Alex Carleton’s 42-yard field goal on the opening possession of the second half cut Army’s deficit to 24-10, and the Black Knights got the ball back when defensive back Richard King intercepted a Dobbs pass in the end zone on Navy’s ensuing series.

The Black Knights had some success running the ball, but failed to capitalize. Middleton broke up a pass with a big hit along the right sideline, and Army fullback Jared Hassin was thrown for a 6-yard loss on the last play of the third quarter that forced Army, still trailing by two touchdowns, to open the fourth with a punt.

Navy chewed up the first 9:03 of the final quarter with a 13-play, 87-yard drive capped by Gee Gee Greene’s 25-yard run. Army’s last glimmer of hope, a penalty flag, lay on the field as the Midshipmen celebrated.

The call was a facemask against Army, and a 31-10 margin for Navy.

"We needed that," Niumatalolo said. "Give [Army] credit. They came back after that drive and battled, and then our guys responded. This whole year, our guys continued to compete."

Steelman, who went 11-for-20 passing for 128 yards and two TDs, completed a 45-yarder to Malcolm Brown with 4:05 remaining to make it 31-17.

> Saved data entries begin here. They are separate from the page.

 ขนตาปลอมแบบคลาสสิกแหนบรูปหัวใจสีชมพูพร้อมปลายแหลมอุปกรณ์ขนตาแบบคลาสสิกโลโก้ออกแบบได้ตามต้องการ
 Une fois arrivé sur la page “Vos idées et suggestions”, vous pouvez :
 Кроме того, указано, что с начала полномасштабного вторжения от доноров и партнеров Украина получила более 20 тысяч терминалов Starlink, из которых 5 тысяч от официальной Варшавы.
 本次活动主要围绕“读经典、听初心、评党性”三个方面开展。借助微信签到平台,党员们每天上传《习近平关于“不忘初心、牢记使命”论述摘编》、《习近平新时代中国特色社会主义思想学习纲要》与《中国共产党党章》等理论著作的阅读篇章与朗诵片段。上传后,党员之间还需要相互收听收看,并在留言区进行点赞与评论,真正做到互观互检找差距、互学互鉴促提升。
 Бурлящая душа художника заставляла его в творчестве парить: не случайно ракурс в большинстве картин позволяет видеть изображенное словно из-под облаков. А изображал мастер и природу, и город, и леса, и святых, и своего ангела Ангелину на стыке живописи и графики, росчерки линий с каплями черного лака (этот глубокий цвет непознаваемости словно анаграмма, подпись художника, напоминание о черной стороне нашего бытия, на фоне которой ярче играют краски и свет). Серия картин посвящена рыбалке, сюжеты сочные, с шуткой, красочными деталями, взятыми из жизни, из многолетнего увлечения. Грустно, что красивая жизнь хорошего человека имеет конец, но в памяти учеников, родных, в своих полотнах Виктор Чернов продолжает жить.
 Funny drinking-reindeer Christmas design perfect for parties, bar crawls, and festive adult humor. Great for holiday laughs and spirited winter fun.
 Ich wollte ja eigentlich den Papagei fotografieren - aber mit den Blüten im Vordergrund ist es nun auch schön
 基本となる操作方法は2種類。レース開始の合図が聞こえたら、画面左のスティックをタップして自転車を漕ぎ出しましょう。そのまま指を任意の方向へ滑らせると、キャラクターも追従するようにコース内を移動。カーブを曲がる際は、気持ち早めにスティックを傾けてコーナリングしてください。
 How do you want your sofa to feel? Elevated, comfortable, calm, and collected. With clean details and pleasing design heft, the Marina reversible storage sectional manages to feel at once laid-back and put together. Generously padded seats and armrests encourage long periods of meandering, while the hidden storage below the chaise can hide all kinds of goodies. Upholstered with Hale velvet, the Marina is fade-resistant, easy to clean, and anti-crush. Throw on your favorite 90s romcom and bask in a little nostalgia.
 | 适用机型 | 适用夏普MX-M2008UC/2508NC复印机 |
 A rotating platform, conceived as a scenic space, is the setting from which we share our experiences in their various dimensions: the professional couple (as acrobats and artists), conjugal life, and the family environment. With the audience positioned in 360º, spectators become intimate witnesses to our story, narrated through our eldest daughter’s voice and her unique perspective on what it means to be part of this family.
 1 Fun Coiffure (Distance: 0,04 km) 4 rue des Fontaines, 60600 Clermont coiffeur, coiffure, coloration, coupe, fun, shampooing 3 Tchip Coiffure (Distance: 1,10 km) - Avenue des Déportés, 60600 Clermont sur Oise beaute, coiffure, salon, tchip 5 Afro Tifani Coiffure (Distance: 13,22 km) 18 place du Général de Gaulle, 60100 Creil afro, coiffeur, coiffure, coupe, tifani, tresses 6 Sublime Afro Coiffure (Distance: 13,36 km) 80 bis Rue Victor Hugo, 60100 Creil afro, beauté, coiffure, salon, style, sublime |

Navy recovered the onside kick, but failed to gain a first down and was forced to punt. Army, which had been forced to burn its timeouts, ran a hurry-up offense but failed to score in the closing minutes. The Midshipmen stopped Steelman on fourth and goal with 5 seconds remaining, and Niumatalolo got a Gatorade shower.

Army was forced to soak up another defeat in the storied series.

“We’ve played just well enough all year to bring winning football back,” said Army coach Rich Ellerson, whose team is headed to its first bowl game since 1996, a matchup with SMU in the Armed Forces Bowl on Dec. 30 in Dallas. “We’re 6-6 now. I’ve got to somehow, someway get everyone focused on that, and not this.”

Dobbs completed six of 11 passes for 186 yards and two TDs, including a 77-yarder to John Howell that made it 10-0 in the first quarter. It was the longest pass play in Army-Navy history, surpassing a 69-yarder from Navy’s Brian Broadwater to Ryan Read in 1998. Dobbs has thrown 12 TD passes this season, tying Alton Grizzard for most in a season at Navy.

Dobbs led the Midshipmen in rushing with 54 yards on 20 carries. Steelman led the Black Knights with 74 yards on 19 carries. Both teams finished well below their rushing averages. Navy, which came into the game No. 5 in the nation at 302 yards a game, netted 139 yards on the ground. Army had been No. 9 nationally with an average of 260, but finished with 209.

Navy's seniors had a chance to become the first class to keep Army out of the end zone for four straight years, but had to settle for outscoring the Black Knights 120-23 during that span. The Midshipmen now have a chance to tie the program record for season victories with a 10th in the Poinsettia Bowl.

"[The Black Knights] are a good, well-coached football team, and we feel very fortunate to come away with a W," Niumatalolo said. "They've gotten better, but we're not a bad team ourselves."